Utilizing a single iron casting that contains all the cylinder and main bearing caps, the bottom half of the engine block is made from aluminum to shave weight. A composite oil pan seals everything up, and a ladder frame design stiffens the block and secures the bearing caps. Ford claims that the match between the upper and lower block pieces are so perfect, that Ford has run the engine for an extended period without all bearing caps bolted in. But is the saved weight worth the potential hit to durability?
It’s rather unfair of me to take a brand new engine to task without anything to go on, but I’m sure I’m not the only person to ask these questions upon hearing of this two-piece design. So far, Ford has done a great job of selling EcoBoost technology to would-be V8 truck buyers, and almost half of Ford’s pickups boast an Ecoboost engine. Ford took its engine through one torture test after another to convince buyers that it’s every bit as rugged as Ford’s V8, and the same is hopefully in store for the Nano V6, though there are plenty of other features worth considering as well.

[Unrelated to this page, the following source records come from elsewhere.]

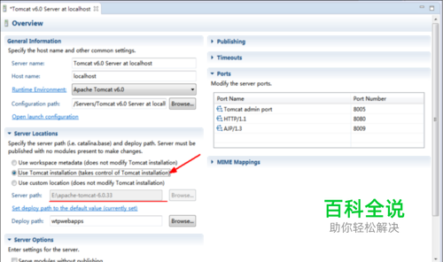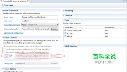 项目部署好了,在tomcat安装目录下的webapps里没有找到发布的项目文件,查看详细信息,发现tomcat有默认的发布路径。我想修改但是修改的单选按钮置灰了,没办法修改,如下图: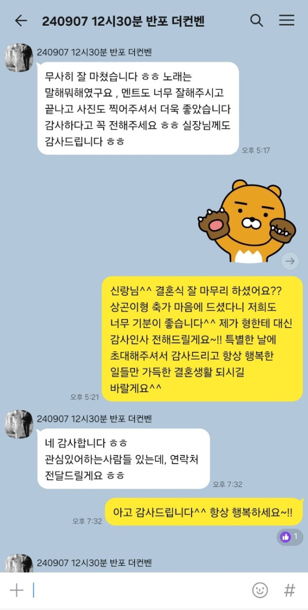 너무 만족하셨다고 끝나고 사진도 찍어주시고 최고였다고 이렇게 감사 연락을 주셨어요~!!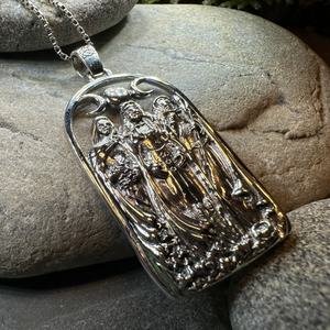 Solid Sterling Silver Hecate Maiden Mother Crone Pendant with sterling silver chain.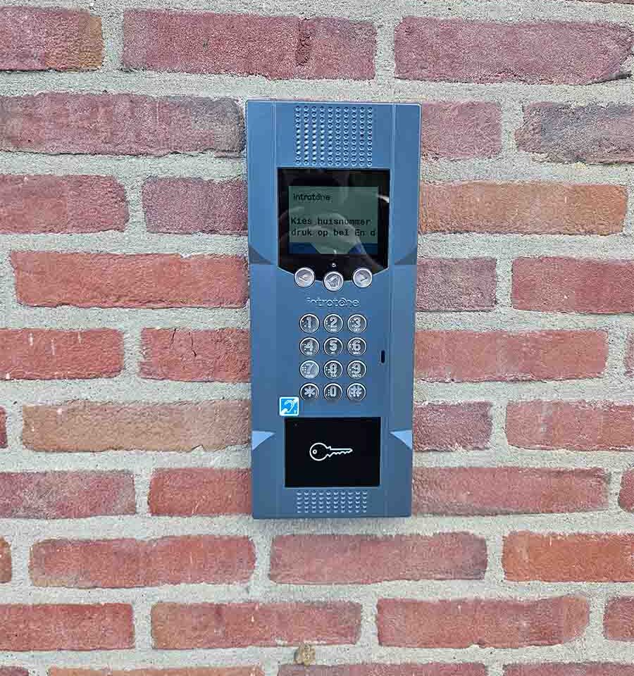 Voor deze locatie is gekozen voor een Intratone video-intercomsysteem met camera. Het systeem werkt via het mobiele netwerk en maakt het mogelijk om oproepen rechtstreeks op een telefoon te ontvangen.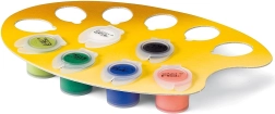 Praktičan set sadrži platno s predloškom, akrilne boje u posudicama, kvalitetan kist, kartonski držač za boje te okvir za završnu prezentaciju.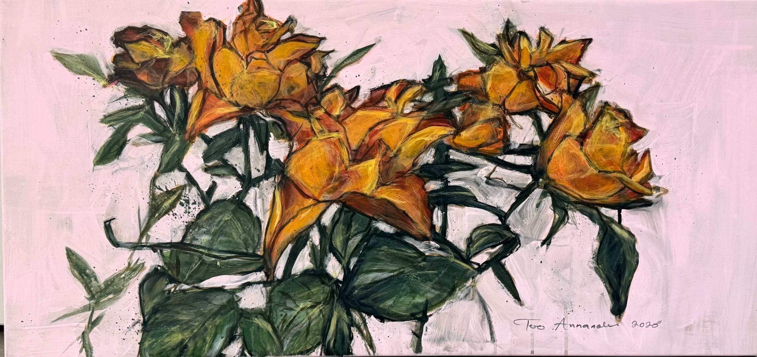 Elämän suuriin hetkiin liittyy aina kukat, erityisesti ruusut. Ne ovat hiljaisia todistajia syntymälle, rakkaudelle ja kuolemalle. Maalauksissaan Annanolli tutkii viivaa ja kuolevia kukkia – sitä, miten kukka muuttuu, kun se vapautuu elollisuuden kahleista. Kukan anatomia on hänelle elämän anatomiaa: miten elämä rakentuu, kukoistaa ja hiljaa purkautuu osiin. Kukan kuivuminen ei ole loppu, vaan pysähtynyt liike, joka paljastaa olemisen kerrokset. Annanollia kiinnostaa erityisesti ruusu, sillä siihen kiteytyy koko ihmisyyden mitta: intohimo ja hauraus, ärsytys ja lumoutuminen, muisti ja symboli.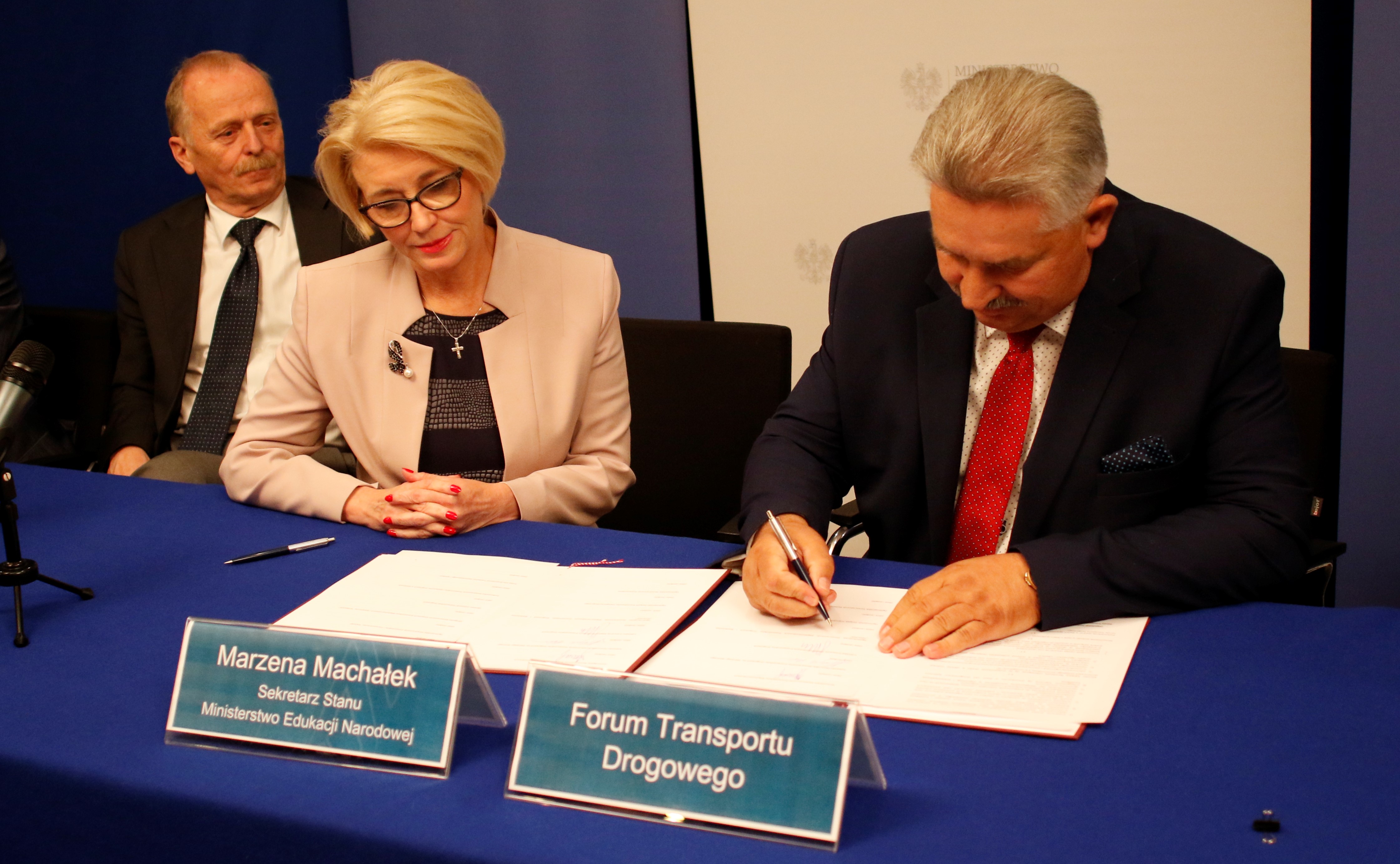 Porozumienie resortu edukacji z organizacjami przewoźników tworzącymi Forum Transportu Drogowego podpisano w siedzibie Zrzeszenia Międzynarodowych Przewoźników Drogowych w Warszawie.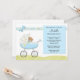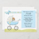 Invite a las huéspedes a Baby Shower con esta invitación azul adorable de Baby Shower del cochecito. Algunos elementos por www.nitwitcollections.com autorizan #41088. Esta tarjeta azul linda ofrece a un bebé afroamericano en un cochecito.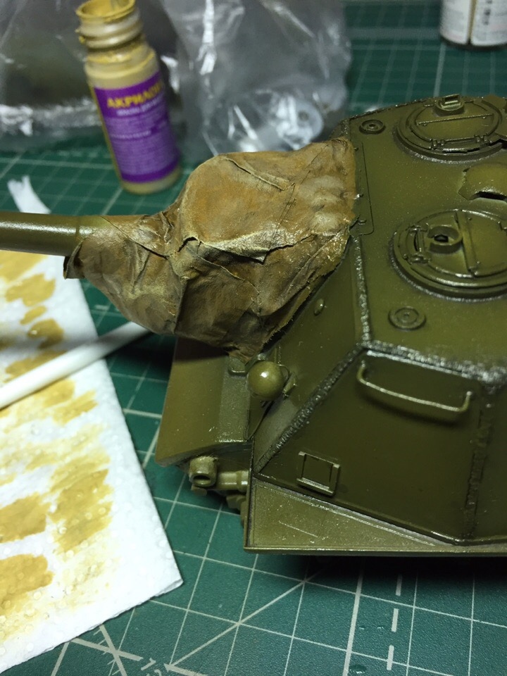 1. Окрасил брезент кистью на маске орудия в соотв. цвет, обычным акрилом от звезды (номер не вспомню, но он так и называется, брезент).

For example, the Integrated Front Cover (IFC) further stabilizes the two-piece engine block design, and it integrates a number of important pieces, including the water pump, oil filter and cooling, and accessory drive components. Engineers also eliminated the need for a bushing on the piston-side of the connecting rod, saving weight and money, and Ford used a steel insert at the top of each piston, a neat trick used in both semi-trucks and Formula One cars to improve durability. Durability seems to be a recurring question with the 2015 F-150, due largely to its costly aluminum body.
Ford takes the longevity of its motors seriously, and they know there are a lot of skeptics that still need convincing. WIth the Blue Oval still steadfastly refusing to bring back the smaller Ranger, or offer a small diesel engine, it has to rely on its EcoBoost engines to get the job done. Is the new Nano V6 up to the task of being Ford Tough?